───── Given records

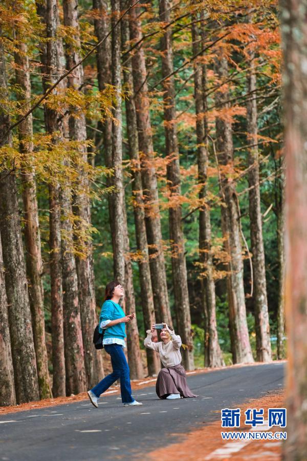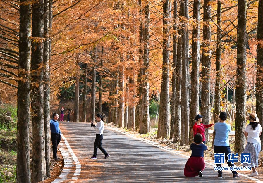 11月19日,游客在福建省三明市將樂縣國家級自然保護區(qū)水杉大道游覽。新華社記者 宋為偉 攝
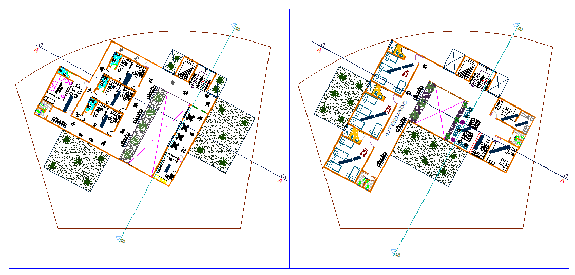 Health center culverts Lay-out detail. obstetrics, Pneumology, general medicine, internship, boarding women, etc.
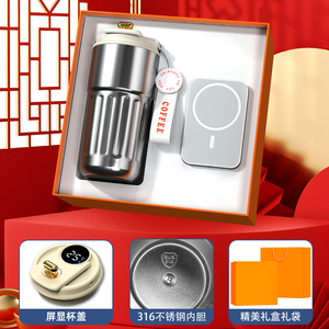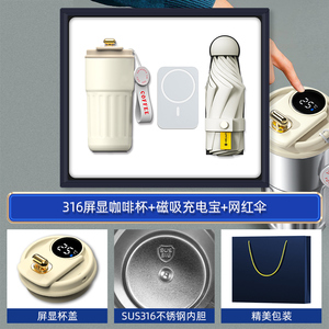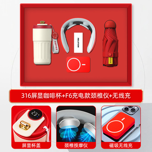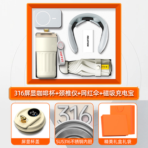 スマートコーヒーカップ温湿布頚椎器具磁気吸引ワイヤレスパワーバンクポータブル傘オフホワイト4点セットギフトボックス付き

──────────
───── Given records

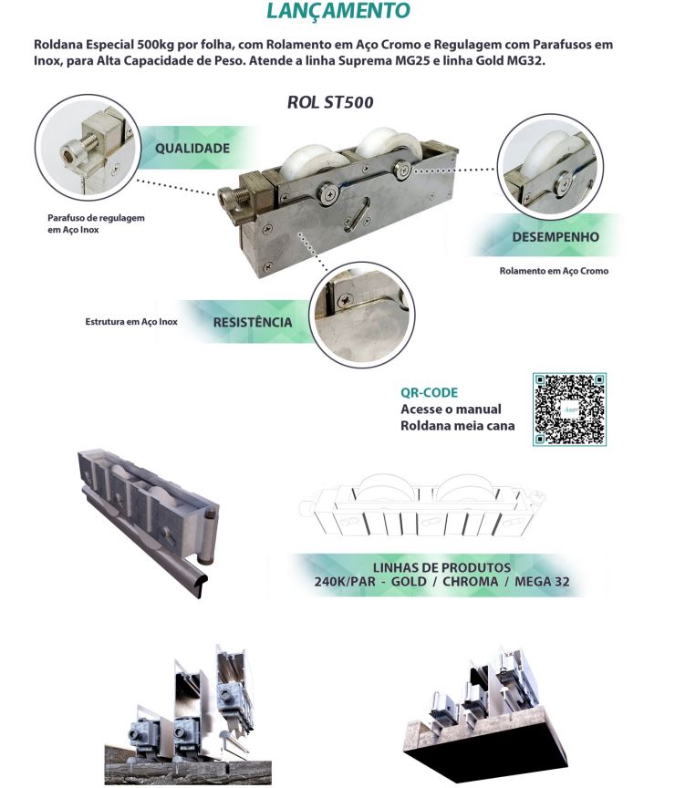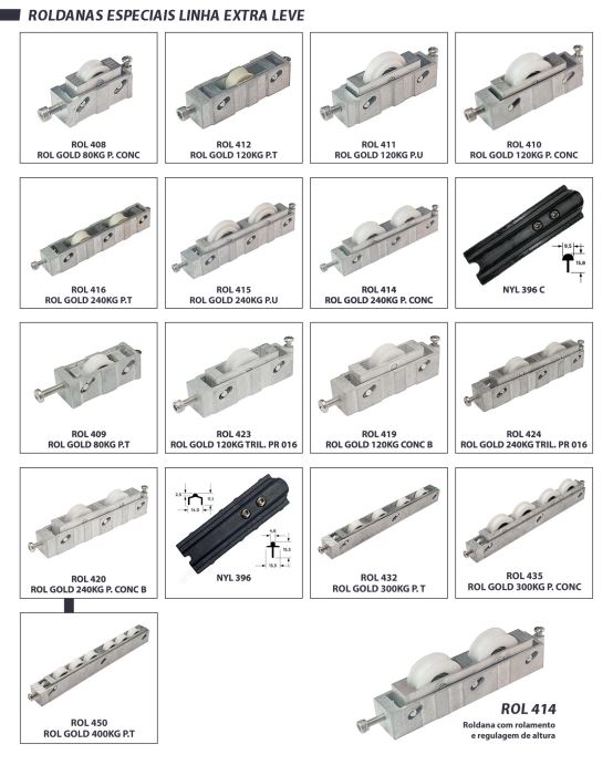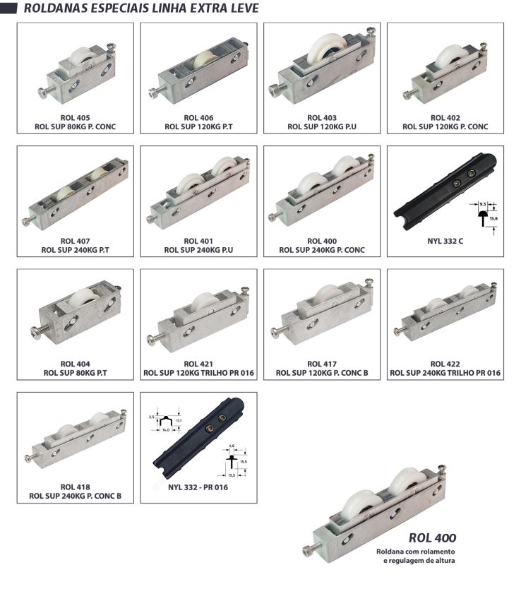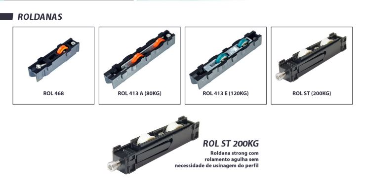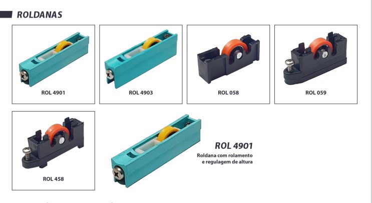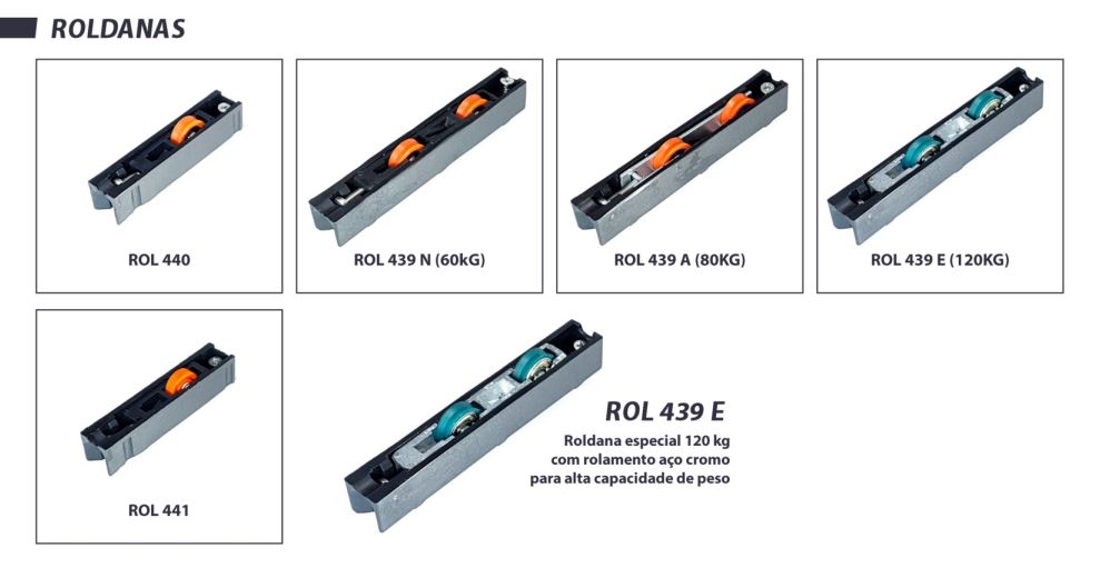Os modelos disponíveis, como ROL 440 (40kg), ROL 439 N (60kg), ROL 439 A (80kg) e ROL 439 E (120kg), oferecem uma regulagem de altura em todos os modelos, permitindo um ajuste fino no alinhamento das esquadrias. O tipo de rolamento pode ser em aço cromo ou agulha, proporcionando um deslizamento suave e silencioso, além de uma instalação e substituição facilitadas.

──────────

[Assignment]
Only one part of the listing is wanted: the lines from the one containing "11月19日,游客在福建省三明市將樂縣國家級自然保護區(qū)水杉大道游覽。新華社記者 宋為偉 攝" through the one containing "スマートコーヒーカップ温湿布", both included. Please transcribe it exactly, leaving out the pictures.

[Response for this exercise]
 11月19日,游客在福建省三明市將樂縣國家級自然保護區(qū)水杉大道游覽。新華社記者 宋為偉 攝
 Health center culverts Lay-out detail. obstetrics, Pneumology, general medicine, internship, boarding women, etc.
 スマートコーヒーカップ温湿布頚椎器具磁気吸引ワイヤレスパワーバンクポータブル傘オフホワイト4点セットギフトボックス付き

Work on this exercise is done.